● **WHAT TO WORK ON**: Among the entries that follow, locate the line with "Tömeg a Parlament" and the line with "이 상품에 관한 리뷰를". Output those lines and all lines in between, exactly, minus the pictures.

● **AVAILABLE RECORDS**:
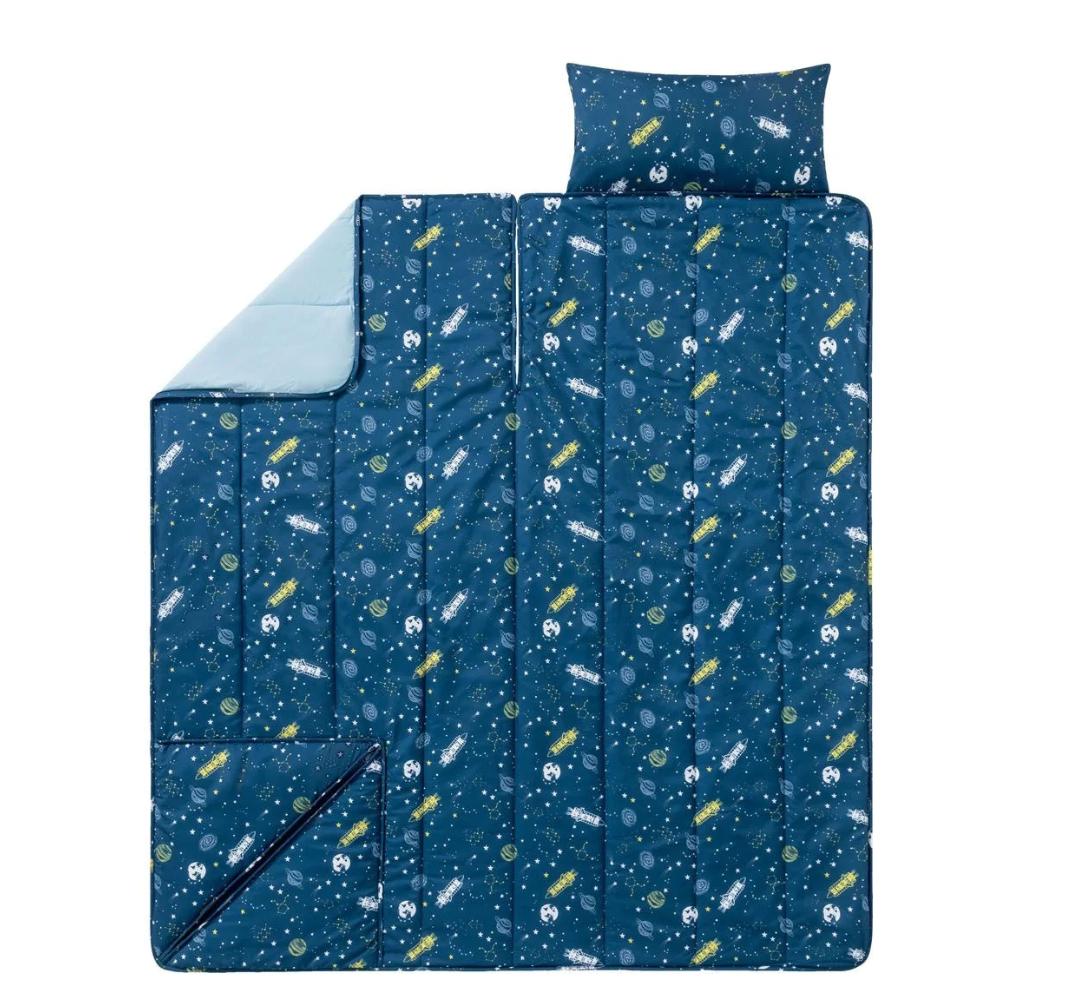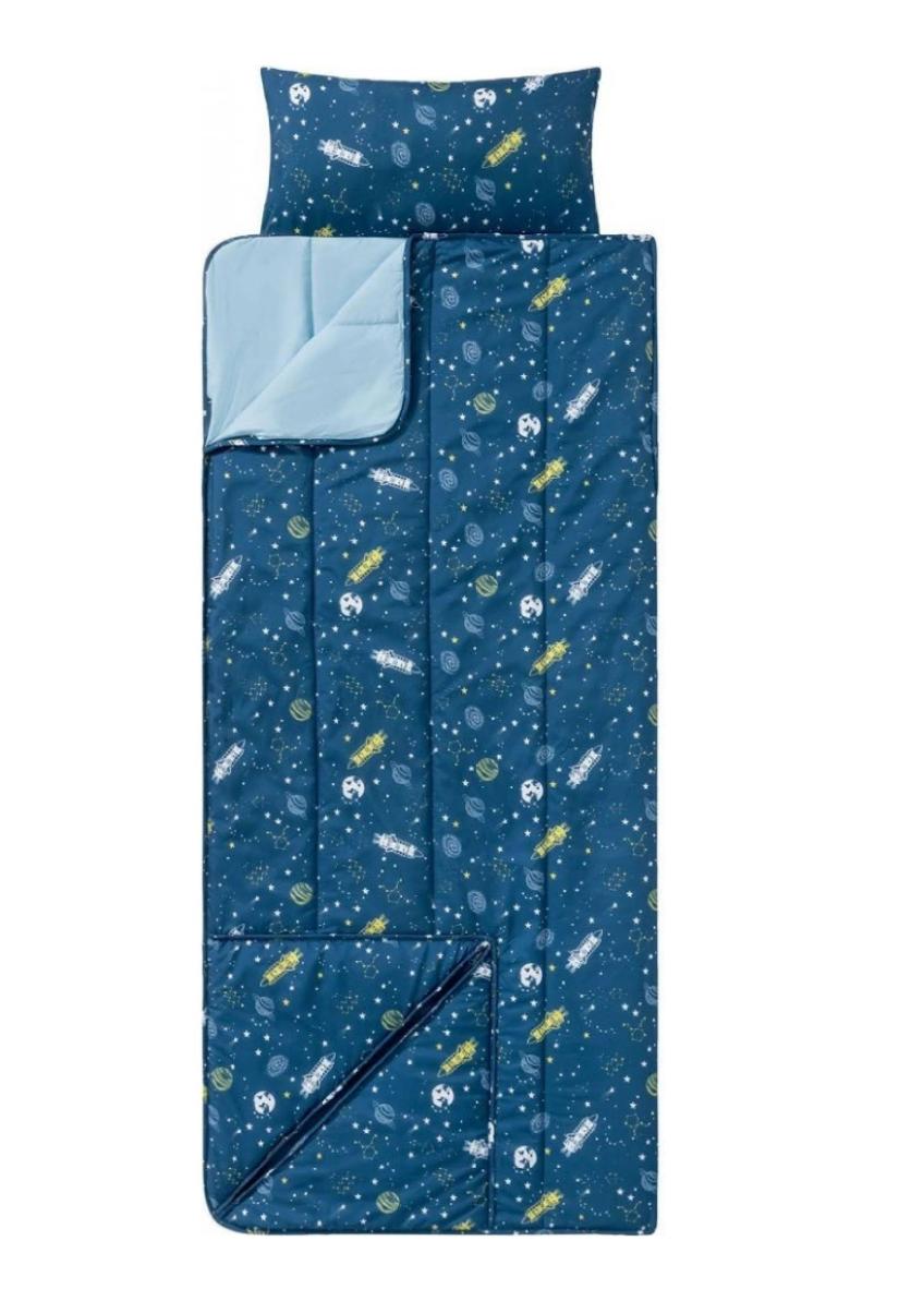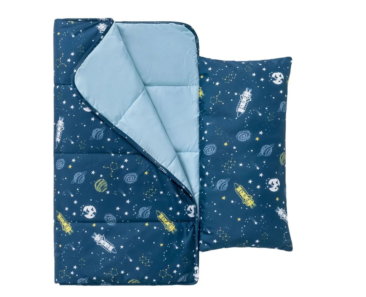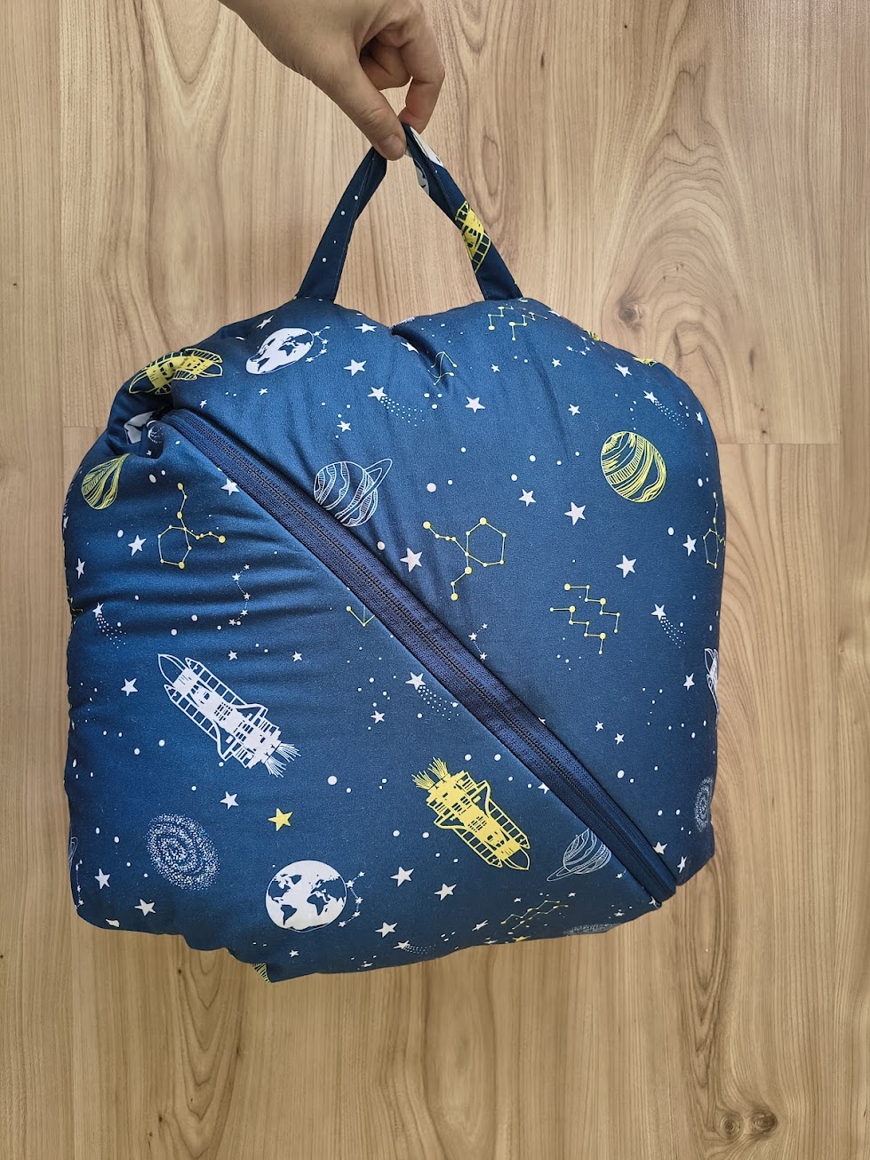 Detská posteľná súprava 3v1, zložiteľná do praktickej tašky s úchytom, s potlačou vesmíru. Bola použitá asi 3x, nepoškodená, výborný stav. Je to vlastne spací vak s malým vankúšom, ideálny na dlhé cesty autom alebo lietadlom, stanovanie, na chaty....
...
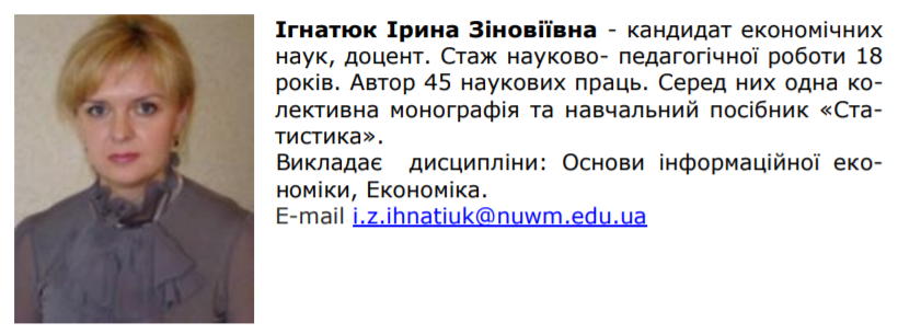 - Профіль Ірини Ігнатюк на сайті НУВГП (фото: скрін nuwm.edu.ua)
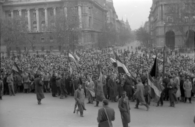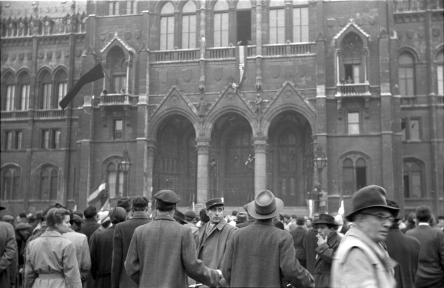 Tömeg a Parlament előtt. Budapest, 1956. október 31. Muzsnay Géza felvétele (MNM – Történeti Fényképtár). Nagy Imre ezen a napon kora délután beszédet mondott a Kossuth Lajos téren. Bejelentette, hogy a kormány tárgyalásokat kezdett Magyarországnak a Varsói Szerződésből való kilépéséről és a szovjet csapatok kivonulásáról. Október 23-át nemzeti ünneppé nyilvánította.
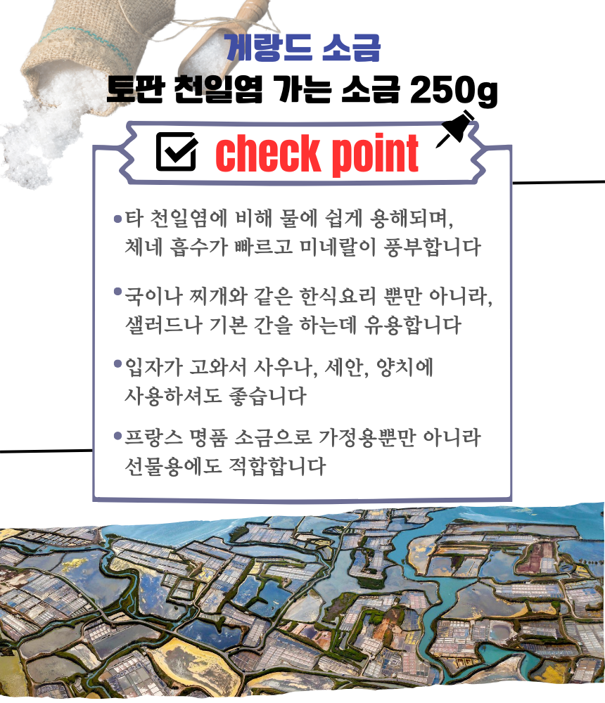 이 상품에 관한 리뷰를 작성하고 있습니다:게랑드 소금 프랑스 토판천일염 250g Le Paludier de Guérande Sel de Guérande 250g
--
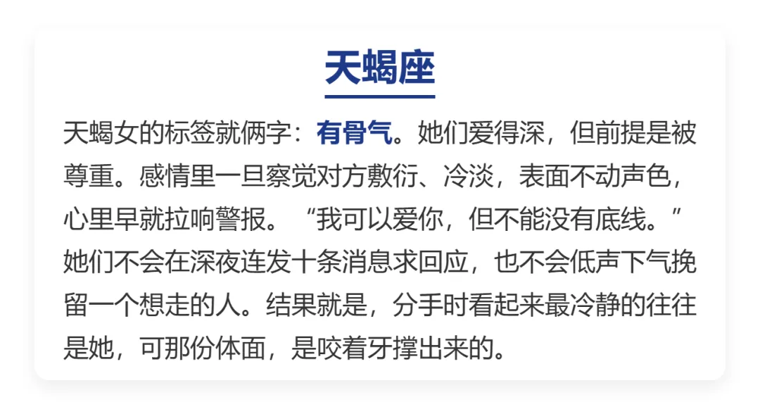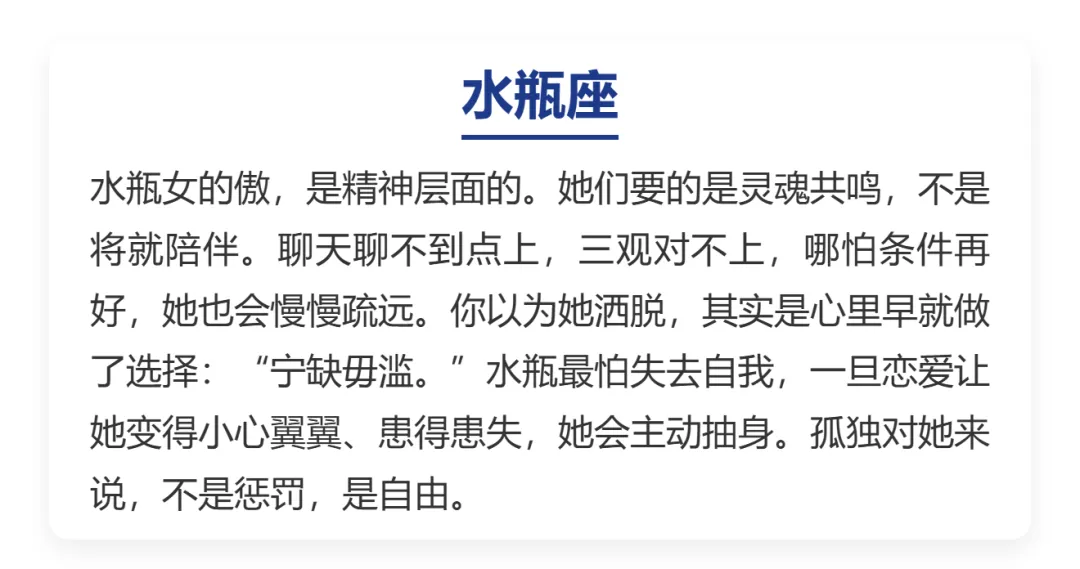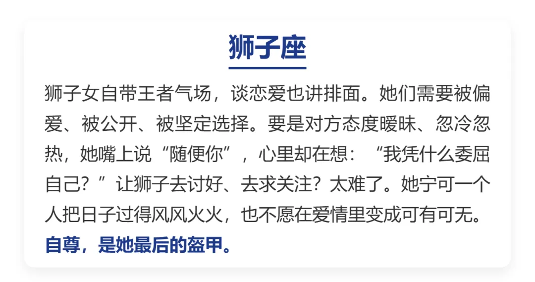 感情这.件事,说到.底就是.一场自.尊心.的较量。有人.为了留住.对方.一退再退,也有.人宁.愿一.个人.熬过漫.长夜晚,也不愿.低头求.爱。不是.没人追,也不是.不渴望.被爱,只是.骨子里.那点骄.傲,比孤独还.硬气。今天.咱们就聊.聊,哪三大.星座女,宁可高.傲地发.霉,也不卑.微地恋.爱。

● **ANSWER TO THIS TASK**:
 Tömeg a Parlament előtt. Budapest, 1956. október 31. Muzsnay Géza felvétele (MNM – Történeti Fényképtár). Nagy Imre ezen a napon kora délután beszédet mondott a Kossuth Lajos téren. Bejelentette, hogy a kormány tárgyalásokat kezdett Magyarországnak a Varsói Szerződésből való kilépéséről és a szovjet csapatok kivonulásáról. Október 23-át nemzeti ünneppé nyilvánította.
 이 상품에 관한 리뷰를 작성하고 있습니다:게랑드 소금 프랑스 토판천일염 250g Le Paludier de Guérande Sel de Guérande 250g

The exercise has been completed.